# Sewing machine needles for seniors?



## New Mexican (Jul 12, 2004)

Is there such a thing? I'm having a hard time threading that thing!


----------



## westbrook (May 10, 2002)

I have never used them..

http://store.quilting-warehouse.com/notions-needles---pins-machine-needles-selfthreading.html


----------



## Tommyice (Dec 5, 2010)

I have some--they belonged to my grandmother. When she started having trouble, I got her a whole bunch. They worked out pretty well for her. I think Schmetz is the only maker though. I got them for her at Joanns. The package is marked 705.


----------



## BusyBees2 (Dec 10, 2004)

Does your machine have a built-in needle threader? I had never used mine, until recently when my eyes just don't wish to cooperate! I also bought a few $$ store reading glasses to keep in my sewing room...that helps too!


----------



## Karen (Apr 17, 2002)

Something that helps my senior eyes in threading machine needles, hold a piece of white paper behind the needle when using darker threads; a darker paper when using light threads. It helps you see the hole so much better!


----------



## DW (May 10, 2002)

I am blind in one eye and I was told about the paper. It does help. BUT I think I should check into those self threading ones. I sew all the time and some days are worse than others and I have no reason. I do know my OTT light is worth it's weight in gold!!!


----------



## Katskitten (Aug 5, 2010)

I have some of the _Schmetz 705 Handicap_ needles. I found out about them by accident when I stuck one in my treadle and tried to use it.
I found that I unthreaded it as many times as I threaded it.

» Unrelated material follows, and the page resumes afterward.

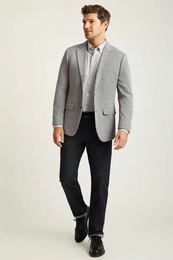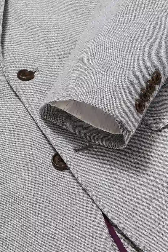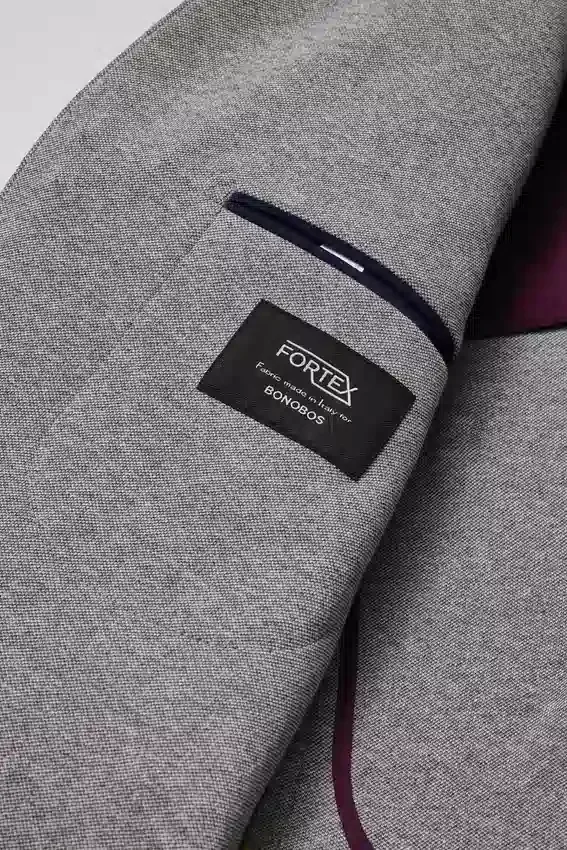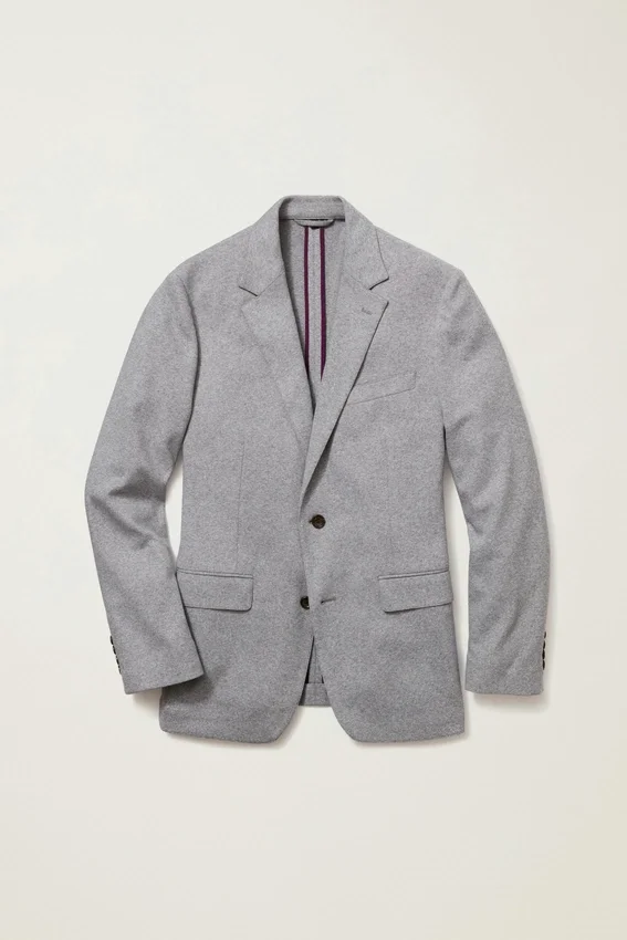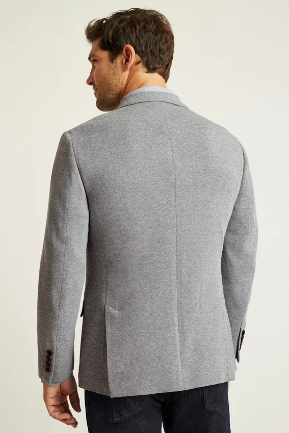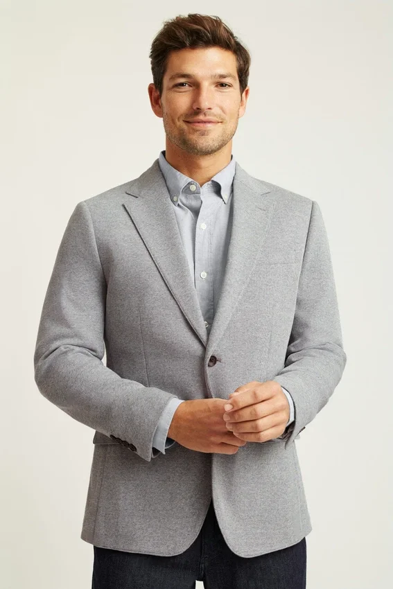 Blazer para todas las estaciones con forro mínimo, confeccionado en un tejido de punto melange de alta calidad de Lanificio Fortex | 8,25 cm de ancho en la solapa | Bolsillos con solapa | Dos botones, corte sencillo | Interior sin forro con refuerzo en los hombros y ribete en las costuras | Forro en las mangas | Botones decorativos en los puños | Doble abertura trasera | Confección ligera | Bolsillos interiores de ojal

At 59 with old eyes I find that a soft back light or a contrasting color behind the needle works the best for me.

Joe


----------



## Colorado (Aug 19, 2005)

I have trouble too. Trying to get dark thread in the front tension I can not see it. Over head light is not enough. I bought an adjustable arm lamp to shine on it. I have not tried that yet but bound to help. Old Pfaff. 

Mom used a piece on white paper on he machine. I wastrying a flash light. On the tension I have to use both hand to do it. Just made that way. I was usig a magnifing glass to thread it before I got the cataract out. That has helped. 

I should see in the sewing shop has those needles or a threader. I am 80 . Some times just not aiming good I think.


----------